Set down each record exactly. Omit the pictures.

#### Dataset records

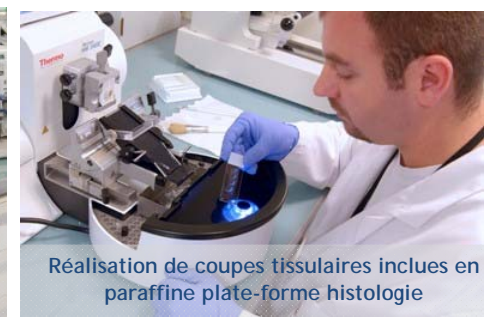
Réalisation de coupes tissulaires incluses en paraffine plate-forme histologie

IFMKNF : Institut de Formation en masso-kinésithérapie
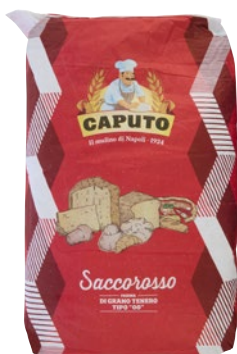
CAPUTO Saccorosso farina di grano tenero tipo "00" kg 25
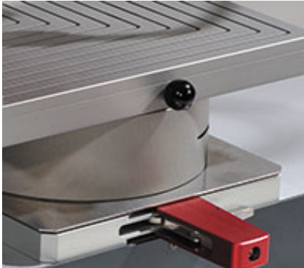
快拆接头 (面): 更换治具在数秒内完成

三轴皆为高扭力设计, 且开放式的工作台面设计, 可容纳不管多宽或多小的待测物, 省却以往还需使用特殊治具的困扰. 高精度的快拆式夹具 和测试模块可以确保快速更换测试样品和立即进入测试中.
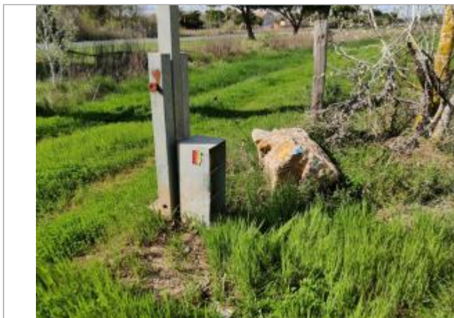
Rocher en bord de chemin
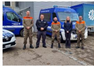
Zusammenarbeit THW - ZSO
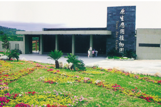
台東原生應用植物園迎賓大門
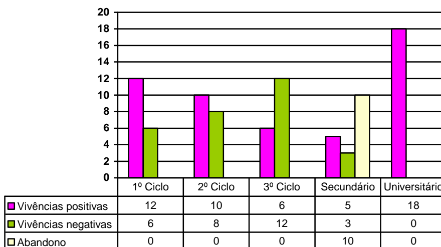
Figura 2 - Gráfico de frequência de vivências positiva e negativa mencionadas em cada nível de ensino

Ao nível do 1.º ciclo, 12 educadores referem ter tido vivência positiva e 6 educadores mencionam vivência negativa. Em relação ao 2.º ciclo vemos que 10 educadores referem vivência positiva e 8 referem vivência negativa. No 3.º ciclo, 6 educadores mencionam vivência positiva e 12 vivência negativa. No ensino secundário, é visível o abandono da disciplina de matemática por 10 educadores, 5 educadores relataram vivência positiva e 3 educadores referiu vivência negativa. No ensino universitário todos os educadores referem ter tido vivência positiva.
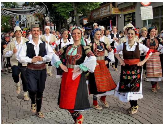
Folklorefestspiele aus Kroatien
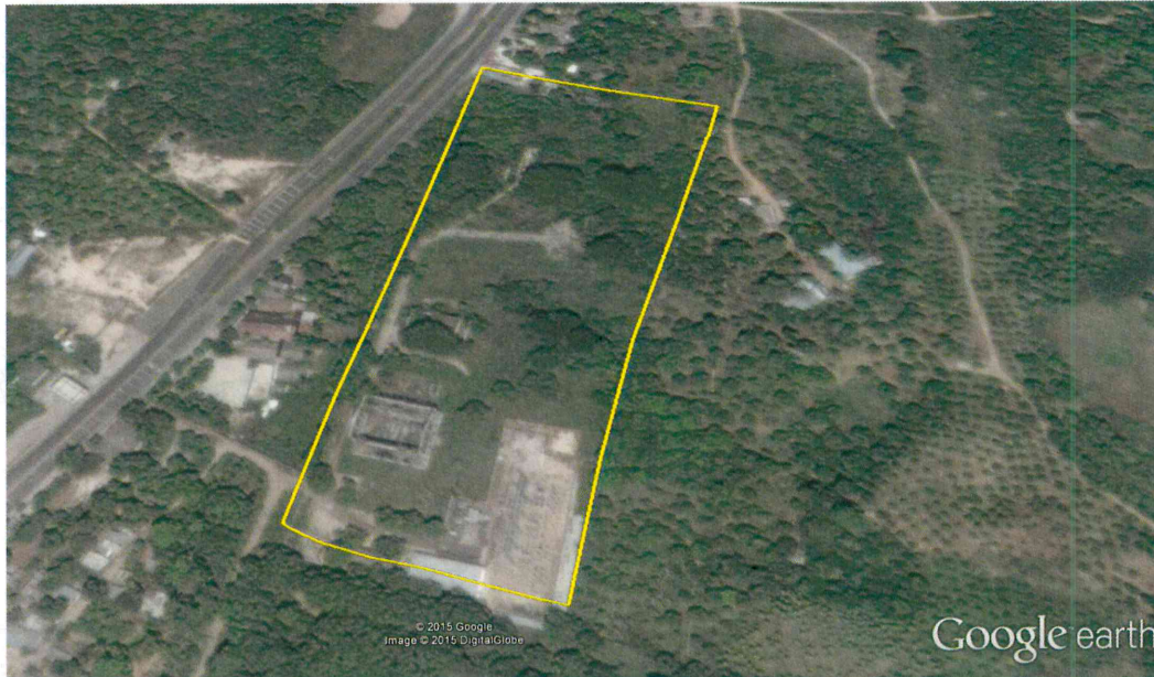
Localización subestación Río Córdoba 220kV
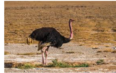
l'autruche
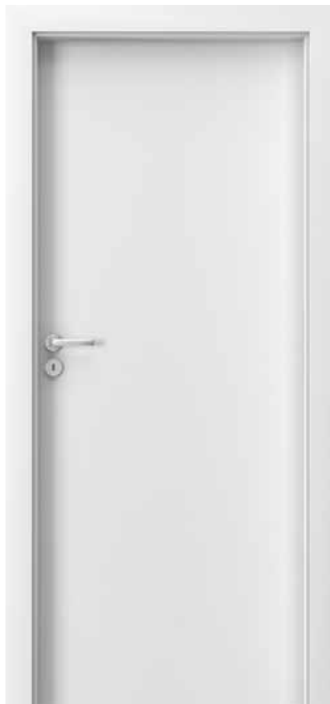
MODEL 1.1 Laminát CPL HQ 0,2

KOLEKCE Laminát CPL MODEL 1.1 DECOR sklo - matné
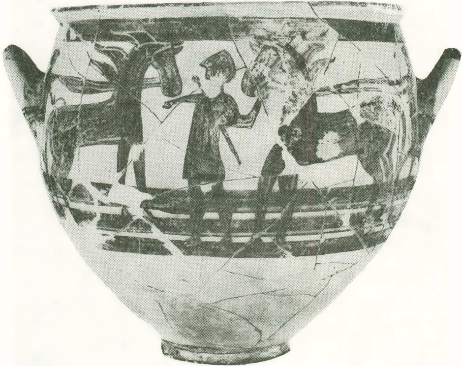
2. Μυκηναϊκὸς III B κρατήρας ἀπὸ τὴν Πύλα - Κοκκινόκρεμο.

νόκρεμο δὲν βρέθηκε οὔτε ἓνα ὄστρακο τῆς Μυκηναϊκῆς IIIΓ: 1β κεραμεικῆς μποροῦμε νὰ χρονολογήσουμε τὸν οἰκισμὸ αὐτὸ λίγο πρὶν ἀπὸ τὸ 1200 π.Χ., πιδ συγκεκριμένα ἀπὸ τὸ 1230 μέχρι τὸ 1200 π.Χ. Ὁ οἰκισμὸς ἐγκαταλείφθηκε ἀπότομα σὰν ἀποτέλεσμα ξαφνικῆς καταστροφῆς. Ὁ μεταλλουργὸς ἔθαψε κομμάτια ταλάντων χαλκοῦ καὶ μερικὰ ἐργαλεῖα του καὶ σκεύη σὲ λάκκο κάποιας αὐλῆς, ὁ ἀργυροχόος ἔκρυψε
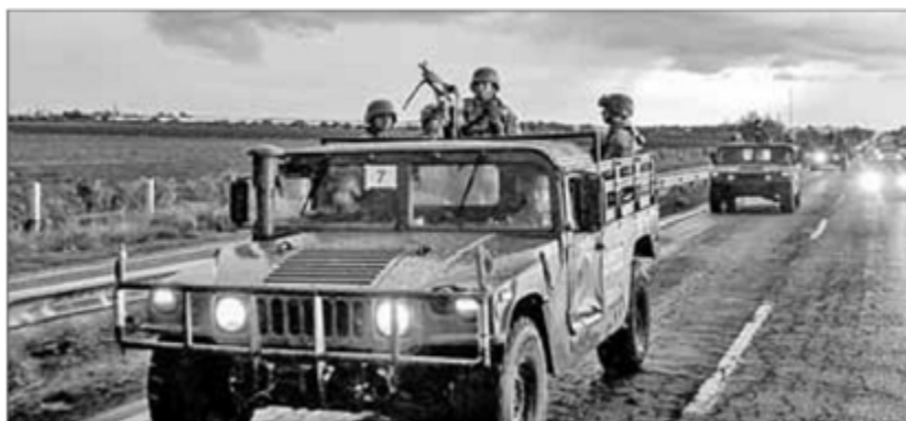
▲ Un convoy de soldados del Ejército Mexicano, a bordo de vehículos militares, patrullan una carretera de Culiacán, como

parte de un operativo para reforzar la seguridad tras una ola de violencia en los días recientes.
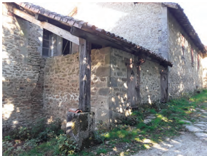
Village des Meynieux

Neuplanchas : de l'occitan nuovas, nouvelles, plancha, large sillon cultivé.
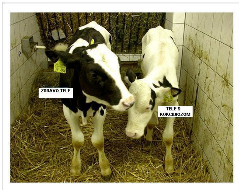
Slika 7. Kokcidioza

tekućom hranom. Između obroka se daje čaj i otopina elektrolita. Najbolje je telad napajati crnim čajem, minimum tri litre dnevno.
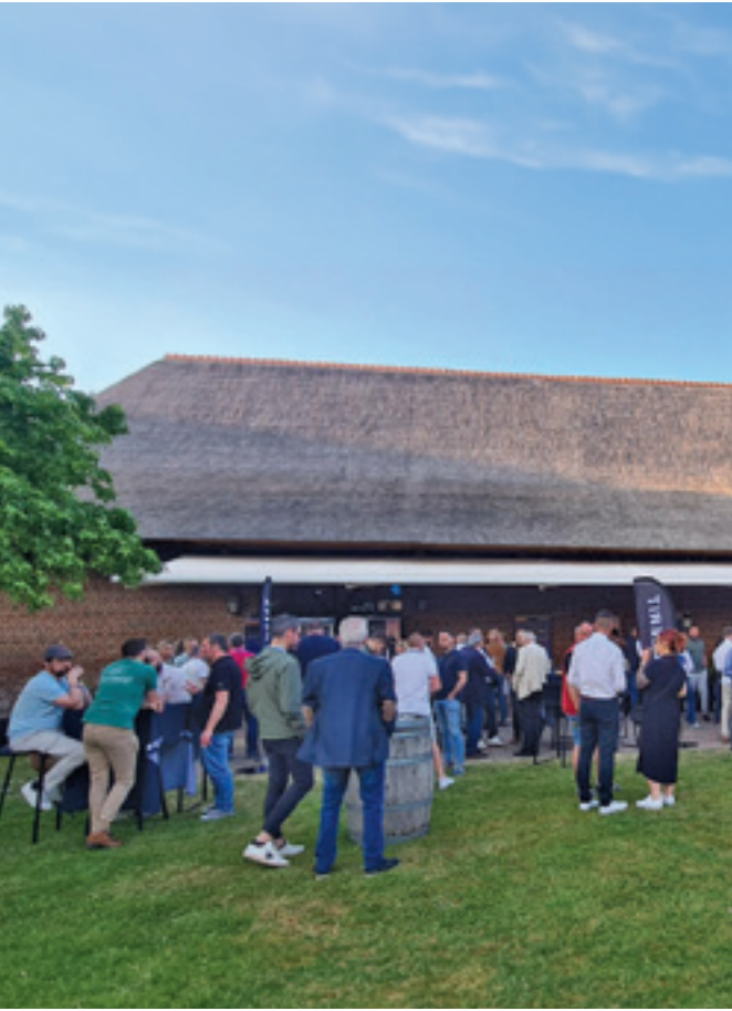
↑ Accueil des invités lors de la Soirée Duofix à Lille le 13 mai 2025

Chaque soirée a été pensée pour mêler convivialité et contenu technique. Les participants ont pu découvrir les nouveautés du bâti-support Duofix, échanger avec nos équipes et bénéficier de démonstrations concrètes. Un temps fort pour renforcer les liens, transmettre notre expertise et valoriser le métier d’installateur, entre buffet gourmand, cocktail, atelier démonstratif, quiz et animations.
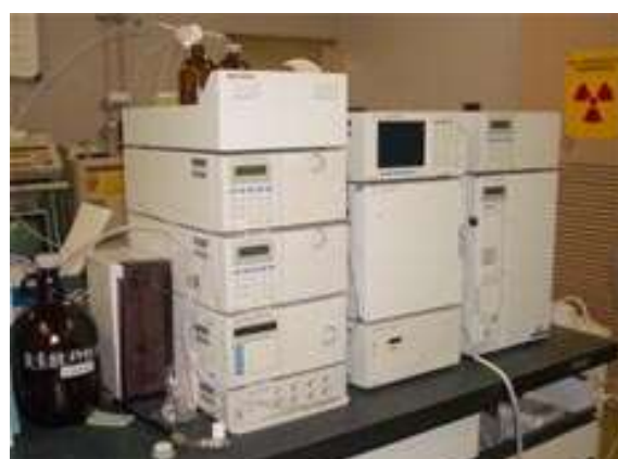
イオンクロマトグラフ（ポストカラム式） シアン、臭素などを検査します。

########

▸ Solved problem:
Réalisation de coupes tissulaires incluses en paraffine plate-forme histologie

IFMKNF : Institut de Formation en masso-kinésithérapie
CAPUTO Saccorosso farina di grano tenero tipo "00" kg 25
快拆接头 (面): 更换治具在数秒内完成

三轴皆为高扭力设计, 且开放式的工作台面设计, 可容纳不管多宽或多小的待测物, 省却以往还需使用特殊治具的困扰. 高精度的快拆式夹具 和测试模块可以确保快速更换测试样品和立即进入测试中.
Rocher en bord de chemin
Zusammenarbeit THW - ZSO
台東原生應用植物園迎賓大門
Figura 2 - Gráfico de frequência de vivências positiva e negativa mencionadas em cada nível de ensino

Ao nível do 1.º ciclo, 12 educadores referem ter tido vivência positiva e 6 educadores mencionam vivência negativa. Em relação ao 2.º ciclo vemos que 10 educadores referem vivência positiva e 8 referem vivência negativa. No 3.º ciclo, 6 educadores mencionam vivência positiva e 12 vivência negativa. No ensino secundário, é visível o abandono da disciplina de matemática por 10 educadores, 5 educadores relataram vivência positiva e 3 educadores referiu vivência negativa. No ensino universitário todos os educadores referem ter tido vivência positiva.
Folklorefestspiele aus Kroatien
Localización subestación Río Córdoba 220kV
l'autruche
MODEL 1.1 Laminát CPL HQ 0,2

KOLEKCE Laminát CPL MODEL 1.1 DECOR sklo - matné
2. Μυκηναϊκὸς III B κρατήρας ἀπὸ τὴν Πύλα - Κοκκινόκρεμο.

νόκρεμο δὲν βρέθηκε οὔτε ἓνα ὄστρακο τῆς Μυκηναϊκῆς IIIΓ: 1β κεραμεικῆς μποροῦμε νὰ χρονολογήσουμε τὸν οἰκισμὸ αὐτὸ λίγο πρὶν ἀπὸ τὸ 1200 π.Χ., πιδ συγκεκριμένα ἀπὸ τὸ 1230 μέχρι τὸ 1200 π.Χ. Ὁ οἰκισμὸς ἐγκαταλείφθηκε ἀπότομα σὰν ἀποτέλεσμα ξαφνικῆς καταστροφῆς. Ὁ μεταλλουργὸς ἔθαψε κομμάτια ταλάντων χαλκοῦ καὶ μερικὰ ἐργαλεῖα του καὶ σκεύη σὲ λάκκο κάποιας αὐλῆς, ὁ ἀργυροχόος ἔκρυψε
▲ Un convoy de soldados del Ejército Mexicano, a bordo de vehículos militares, patrullan una carretera de Culiacán, como

parte de un operativo para reforzar la seguridad tras una ola de violencia en los días recientes.
Village des Meynieux

Neuplanchas : de l'occitan nuovas, nouvelles, plancha, large sillon cultivé.
Slika 7. Kokcidioza

tekućom hranom. Između obroka se daje čaj i otopina elektrolita. Najbolje je telad napajati crnim čajem, minimum tri litre dnevno.
↑ Accueil des invités lors de la Soirée Duofix à Lille le 13 mai 2025

Chaque soirée a été pensée pour mêler convivialité et contenu technique. Les participants ont pu découvrir les nouveautés du bâti-support Duofix, échanger avec nos équipes et bénéficier de démonstrations concrètes. Un temps fort pour renforcer les liens, transmettre notre expertise et valoriser le métier d’installateur, entre buffet gourmand, cocktail, atelier démonstratif, quiz et animations.
イオンクロマトグラフ（ポストカラム式） シアン、臭素などを検査します。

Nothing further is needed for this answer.